The evaluation of the spreading evolution of ASF in the study area was achieved through analysis of the ASF surveillance data. These data encompassed all wild boar that tested positive for the ASF virus genome through real-time PCR77 in the Piedmont and Liguria regions from 29/12/2021 to 05/03/2025. A Retrospective Spatiotemporal Scan Analysis permutation model78 was used to identify spatial-temporal ASF clusters to study the dynamics of ASF transmission. A cylindrical scan window of variable radius and constant height was used, with height representing the time period to search the high-risk clusters. The scanning window moved in time and space to cover every possible geographic location and time interval. To capture shorter-term variations, we explored time aggregations of seven days. The maximum spatial cluster size was defined as 50% of the total number of ASF cases and the maximum temporal cluster size was defined as 30 days. High-rate clusters were restricted to having at least five ASF cases. The log-likelihood ratio statistic (LLR) was employed to evaluate whether the scan window contained a clustered area, and Monte Carlo simulations (999 times) were used to evaluate the significance of the detected clusters at a p-value < 0.05. The number of cases within a hypothetical cluster was then compared with that expected under the null hypothesis. A cluster can exhibit a high trend if the rate of occurrence within the cluster is increasing more rapidly than outside the cluster. Likewise, a high trend may also occur if the rate within the cluster is decreasing less rapidly than outside the cluster79. Because this model analyses only ASF-positive detection and does not include the underlying population at risk, relative risk values and confidence intervals cannot be estimated. The identified clusters therefore represent significant aggregations of cases rather than areas of quantified risk.
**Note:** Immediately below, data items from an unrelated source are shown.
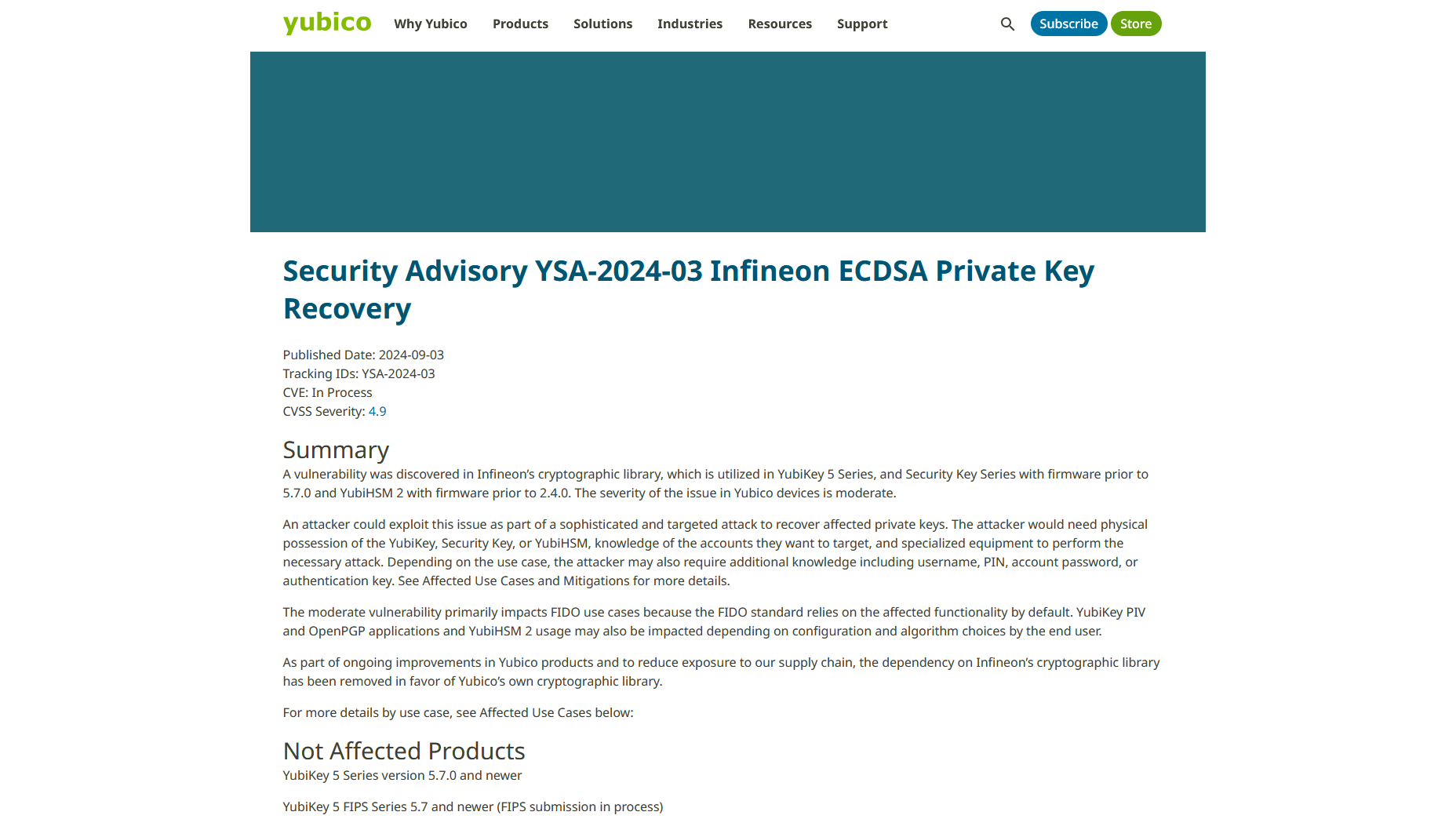 Yubico biedt informatie over de kwetsbare modellen van de YubiKey series 5 en wat gebruikers van deze modellen moeten doen.
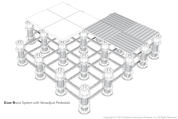 Works with traditional wood stringers Bison™ Versadjust© pedestals can also be installed using traditional joist and plank installation.
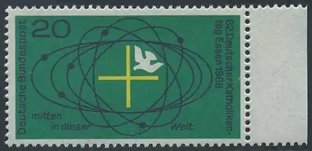 BUND 1968 Michel-Nummer 0568 postfrisch EINZELMARKE RAND rechts
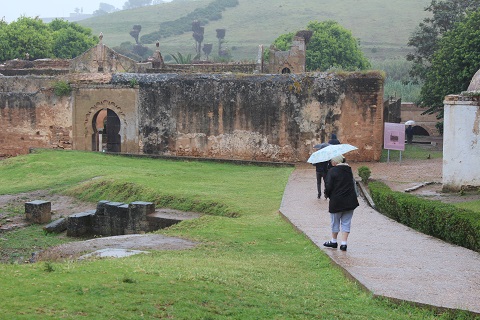 | nog steeds in de regen maar nu wel met jassen aan bekeken we de ruines | maraboets (woningen) en graven van Merindische vorsten |

For each space-time cluster identified, the direction of disease spread was evaluated using a directional test. The directional analysis was performed utilising the circular and Directional R packages80,81. For each cluster, the mean direction angle was calculated, along with the cardinal orientation (N, NE, E, SE, S, SW, W, NW). The concentration index (R̅), which is obtained from the number of cases in the same direction varying between 0 and 1, at the value 0 representing total absence and 1 representing perfect alignment, was also calculated. Finally, the Rayleigh test was performed to ascertain whether the directions are random or if they have a preferred direction. The null hypothesis stated that there was no association between the time at which a case was identified and its corresponding spatial location. Conversely, the alternative hypothesis suggested that the direction from one case to the next was similar for cases that occur at approximately the same time.
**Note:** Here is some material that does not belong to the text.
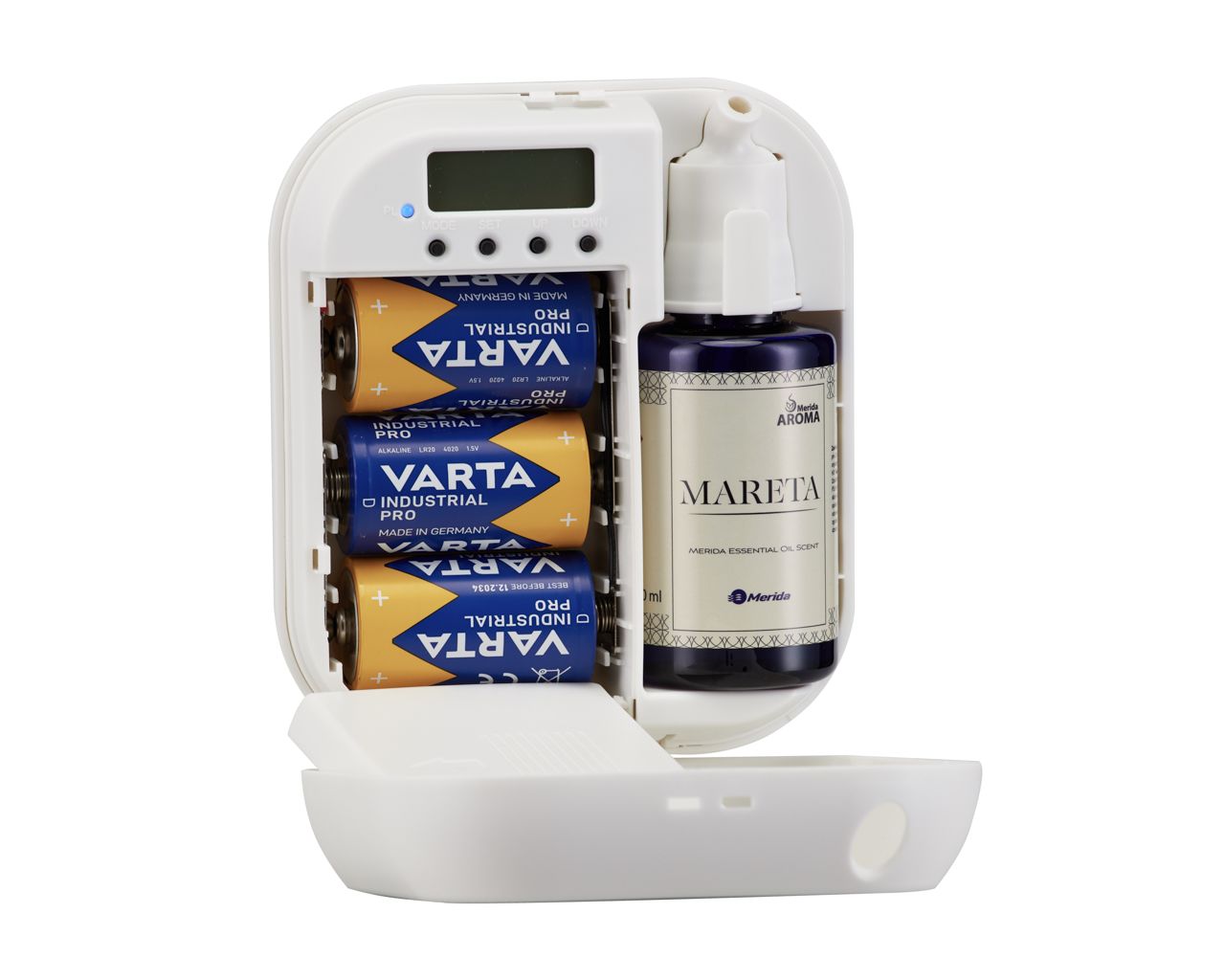 Urządzenie pracuje w pełni automatycznie, a indywidualne ustawienia umożliwiają dopasowanie intensywności zapachu do charakteru wnętrza. Zasilanie może odbywać się przez USB (5 V / 1 A) lub za pomocą trzech baterii typu R20 (D), co daje elastyczność w miejscach bez gniazdka. Wskaźnik stanu baterii informuje o konieczności wymiany, a urządzenie można zamontować na ścianie lub ustawić jako wolnostojące — według potrzeb i aranżacji przestrzeni.

All figures illustrated in the manuscript are original and were generated with R software (version 4.3.3) and QGIS 3.8.3. Administrative boundary layers were obtained from the Italian National Institute of Statistics (ISTAT) Open Data, dataset “Confini delle unità amministrative a fini statistici, release 01/01/2018” (https://www.istat.it/notizia/confini-delle-unita-amministrative-a-fini-statistici-al-1-gennaio-2018-2/), which is distributed under a Creative Commons Attribution licence; all maps presented here are original figures generated by the authors using these open data.